• October 31, 2013

    Literary circles have been abuzz this week about an essay in the New York Times in which Tim Kreider laments the fact that it’s now culturally acceptable to ask writers to write for free. “I’ve been trying to understand,” Kreider muses, “the mentality that leads people who wouldn’t ask a stranger to give them a keychain or a Twizzler to ask me to write them a thousand words for nothing.” Responding to the piece in the New Republic, Luke O’Neill calls working for free “a necessary evil,” and argues that “young writers entering the marketplace for the first time would be doing themselves a disservice to take a hard line against it.” Elsewhere, the Observer profiles Scratch, a new magazine about “the business of writing.”

    Graywolf Press rings in Halloween with a scary audio recording of Benjamin Percy reading Goodnight, Moon.

    A Jane Austen biographer has publicly criticized the Bank of England for “airbrushing” the image of Austen that will go on the new £10 note. “They’ve made her look like a doll, with big eyes,” The Real Jane Austen author Paula Byrne complained. “Jane Austen was a supreme social satirist, and some of her writing was quite dark, but they’ve chosen a picture that makes her look a really cosy, middle-class writer.”

    Neil Gaiman

    Neil Gaiman

    Neil Gaiman is going to Bard. The acclaimed sci-fi author will be joining the theater department next spring, and will teach classes on “the history of the fantastic, approaches to fantasy fiction, and the meaning of fantasy today.”

    Garth Risk Hallberg hasn’t yet secured a book deal for his 900-page novel-in-progress about 1970s New York, but that didn’t stop Hollywood producer Scott Rudin from purchasing the film rights to the book. According to the Hollywood Reporter, Rudin bought the manuscript—tentatively titled City of Fire—after reading the whole thing in one night.

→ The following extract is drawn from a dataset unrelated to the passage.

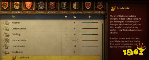 MOD建立了五级水蛭术技能体系,每一级都通过可见的增益效果进行追踪,并配有独特的中世纪医学背景描述文本,增强了游戏的历史沉浸感。技能进度会在睡眠后或加载存档时自动更新,无需手动操作,保持了游戏体验的流畅性。MOD还精心设计了游戏难度曲线,前期绷带消耗加快增加了生存挑战,后期则通过学识积累实现资源节约,形成了良好的游戏平衡。

    The New York Public Library has announced the launch of the online Shelley-Godwin Archive, featuring original manuscripts and writing from Percy Bysshe Shelley and his second wife Mary Shelley, as well as from Mary’s parents, Mary Wollstonecraft and William Godwin. The Archive grew out of collaboration between the NYPL and the Maryland Institute for Technology in the Humanities, and will debut on Thursday night. The archive’s crown jewel is the original manuscript of Frankenstein, which was written by Shelley over the summer of 1816, and, according to one of the project heads, “is itself a sort of patched-together monster.”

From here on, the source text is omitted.